Data covers 2 tracked cities within Alger County representing a combined population of approximately 2,110. Scores reflect the Eviction Risk Map composite model incorporating rent burden, poverty rate, renter share, and Michigan eviction laws's statutory and regulatory environment as of the most recent scoring cycle.
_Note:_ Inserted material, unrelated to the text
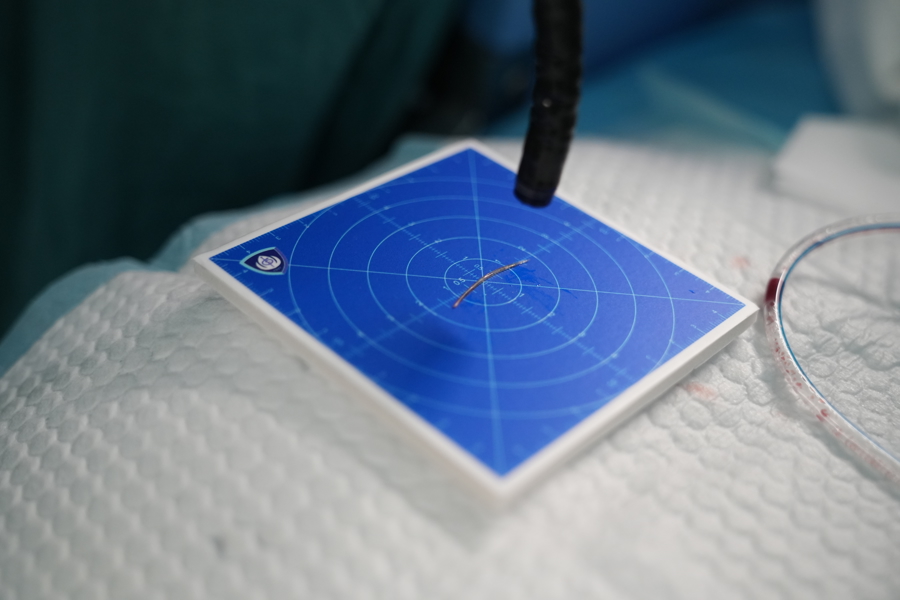 在全麻下,周平红教授熟练运用内镜领域先进的“隧道技术”,先精准切开胃壁,再将内镜穿过小网膜囊,进入腹腔——这一步相当于为内镜“开辟”了一条直达病灶的微创通道。进入腹腔后,团队发现李先生的网膜与左肝脏紧密黏连。周主任立即与在场的肝外科、放射科、麻醉科医生共同讨论,结合术前影像学评估和术中实际情况,一致判断黏连包裹团块处即为异物所在。经过耐心分离后,一抹银光在灯下闪现——那正是长约3.5厘米的鱼刺,锋利如针,已深深嵌入左肝组织中。

Historical eviction filings in Alger County
From 2010 to 2018, eviction filings in Alger County declined 13%. The peak was 28 filings in 2017.1
- 242010
- 28Peak (2017)
- 212018
Data covers 2000–2018, the full span of the Princeton Eviction Lab's national county court-records dataset.
How Alger County compares
At 2.9/10, Alger County sits close to its nearest Michigan eviction laws peers - Mackinac County (2.91), Missaukee County (2.94), Lake County (2.95), and Ontonagon County (2.95) - all of which cluster tightly in the low 2.9-to-3.0 range, reflecting the shared profile of rural Upper Peninsula counties with modest rent levels and limited tenant-protection infrastructure. Luce County (3.03) runs slightly higher. All five peer counties and Alger itself land well below Michigan's statewide average, which skews upward due to the large urban counties of Wayne, Washtenaw, and Ingham.